Devant ces arguments, Tamer Abou el-Saod affiche de la bonne volonté. Il se dit prêt à faire une demande de « reconnaissance » de la Grande Mosquée comme lieu de culte auprès des autorités belges. Il accepterait ainsi la tutelle de l’État belge et un regard des services de renseignements sur les nominations des gérants et des imams de la mosquée, chose que ses prédécesseurs n’ont pas faite en cinquante ans.

Si la Belgique veut rompre la convention, la Ligue islamique mondiale entend bien négocier les conditions de la rupture. Elle demande une indemnisation des travaux réalisés sur le bâtiment depuis 1969 et d’être partie prenante à la formation des nouveaux imams. Entre autres. Le gouvernement belge hésite. Il n’a pas encore notifié sa décision à Riyad. Une fois celle-ci faite, la Belgique a un an pour transformer le visage de ce lieu emblématique. « Un an, c’est beaucoup trop court », s’exclame Johan Leman, l’ancien directeur du Centre pour l’égalité des chances et contre le racisme. Il ne croit pas à une mise en œuvre aussi rapide de ces recommandations.

Un calendrier trop serré

« Qui va financer cet établissement pour qu’il fournisse les mêmes services, une fois disparu le financement de la Ligue ? L’État belge, Bruxelles ? Rien n’est dit. » La commission veut ouvrir le lieu de culte à toutes les branches de l’islam pour créer « un islam belge ». Du pur angélisme, selon lui. « Pour gérer cette nouvelle mosquée, Riyad va pousser des gens qui lui sont loyaux à la direction de l’établissement. Les musulmans pas plus que l’État belge ne vont rien y gagner », affirme-t-il. Il regrette aussi que le gouvernement ne l’ait pas davantage écouté quand il était au cabinet du commissaire royal à la Politique migratoire.

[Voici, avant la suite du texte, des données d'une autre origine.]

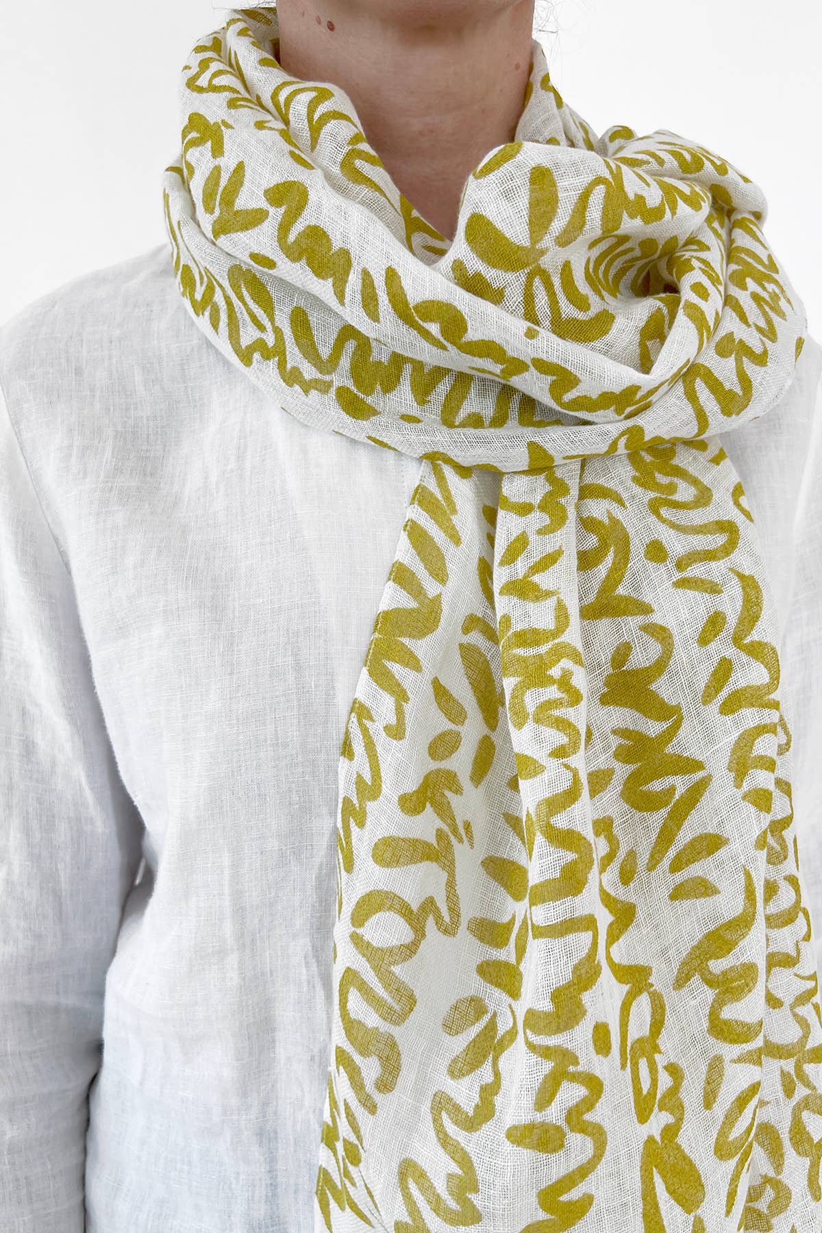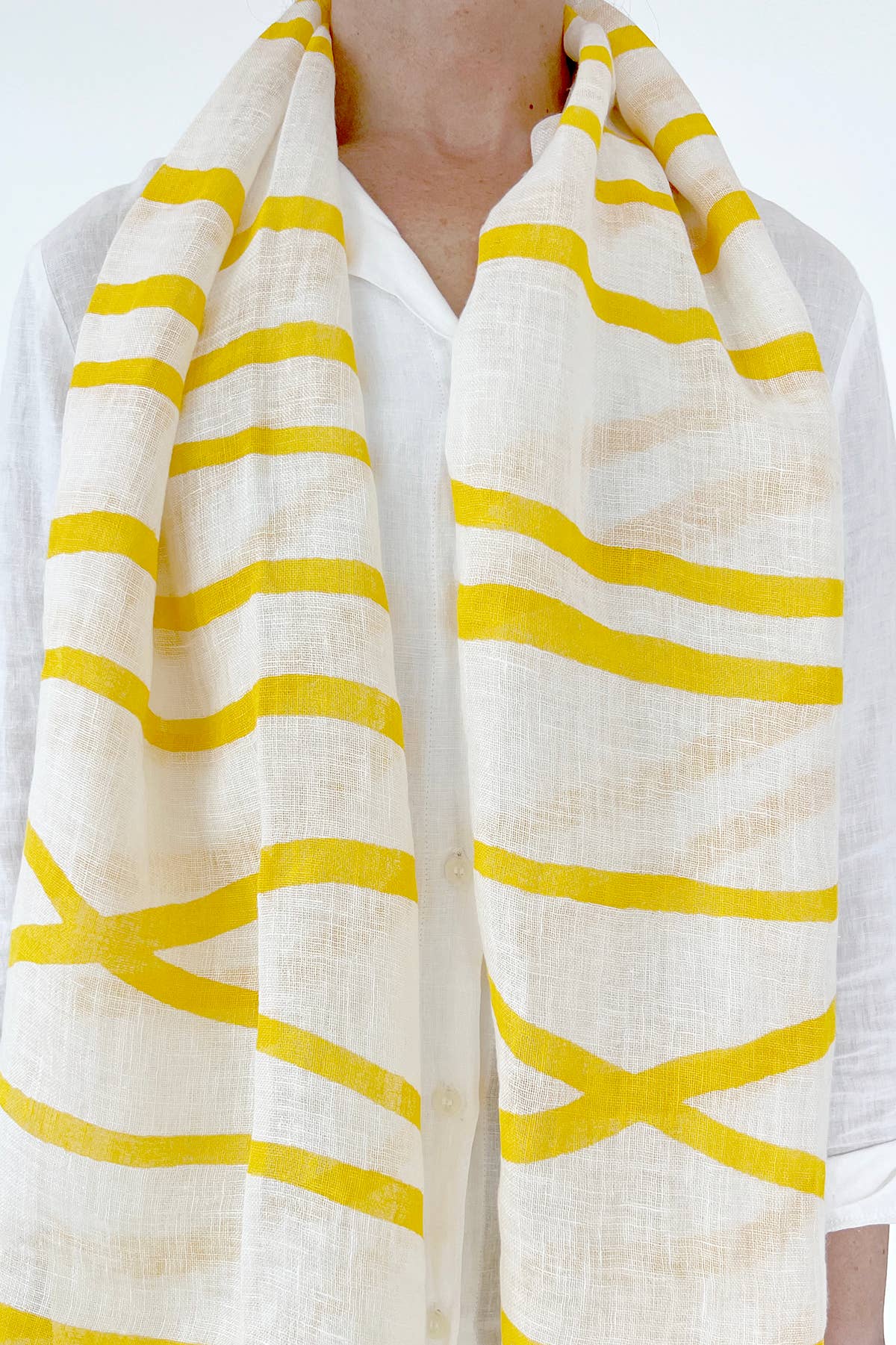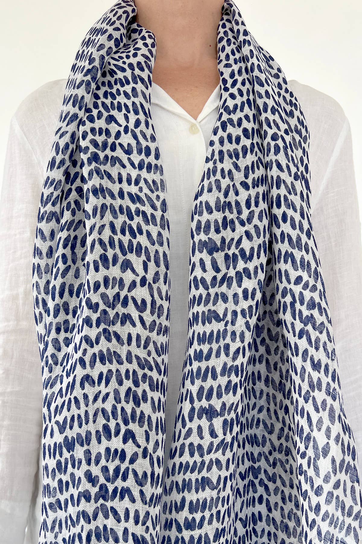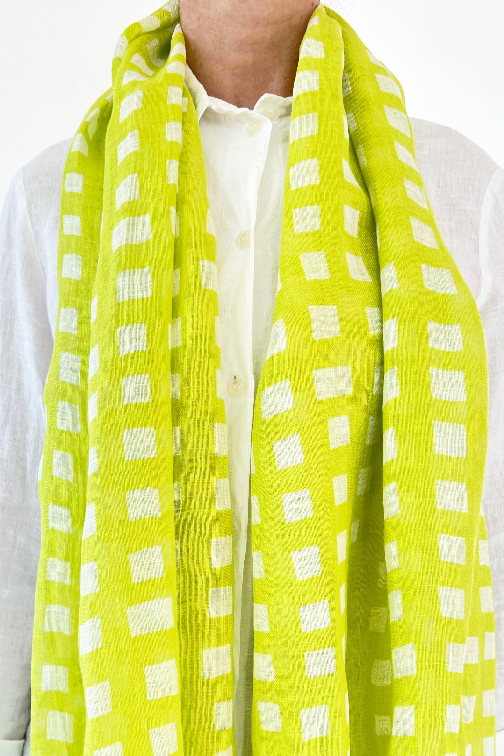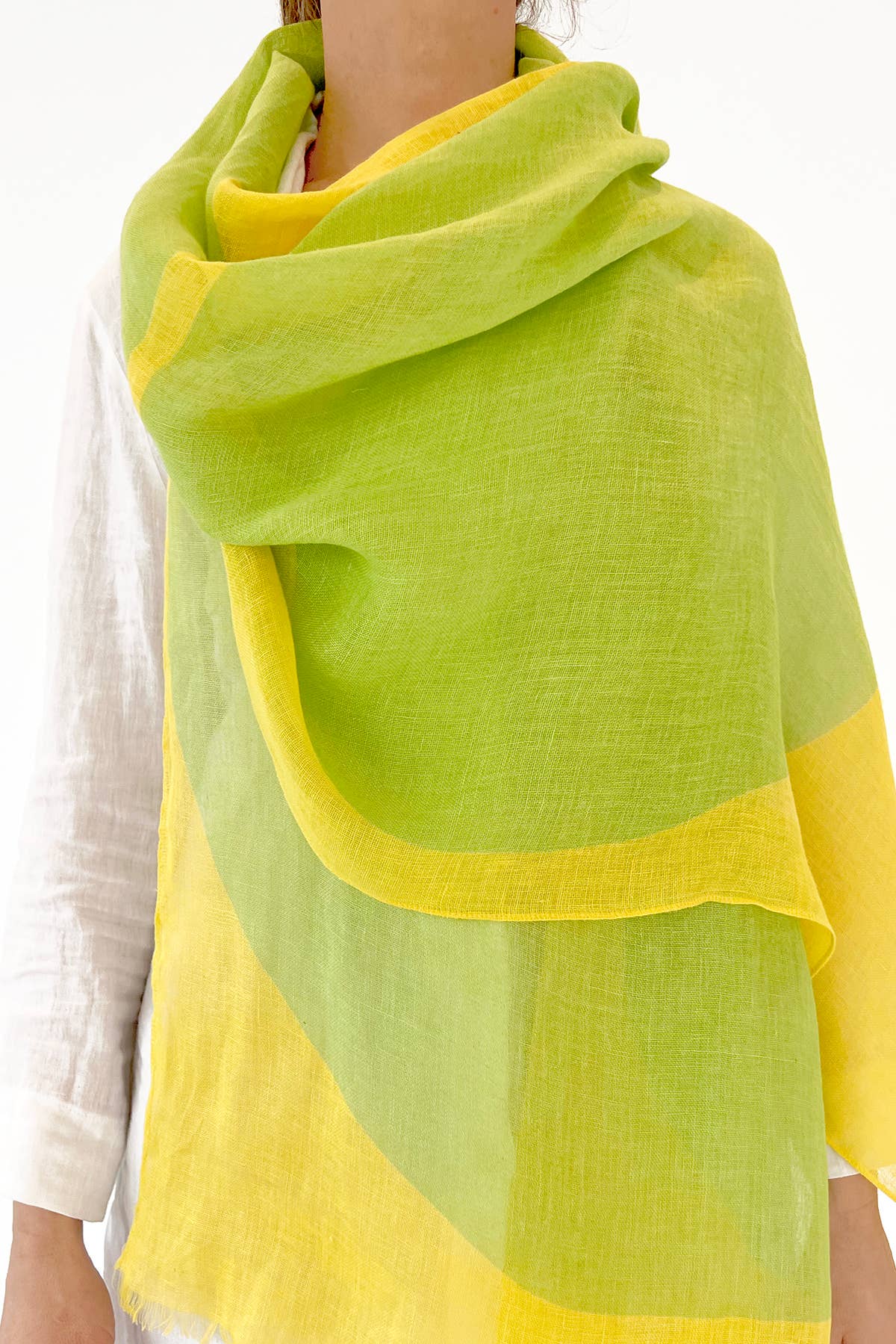 These 100% soft, linen scarves measure 28 by 70 inches and add a modern design element to any outfit.

En 1989, le cabinet avait produit un rapport pointant les problèmes d’intégration posés par la Grande Mosquée. « À l’époque, l’affaire a été considérée comme trop sensible. » Aujourd’hui, Johan Leman s’attend au pire. Les prochaines élections fédérales sont dans moins de deux ans. Et, d’ici là, la rupture de cette convention, devenue symbolique après les attentats, doit être réalisée alors que Riyad est en position de force dans ces négociations face à des responsables belges pressés par le calendrier politique.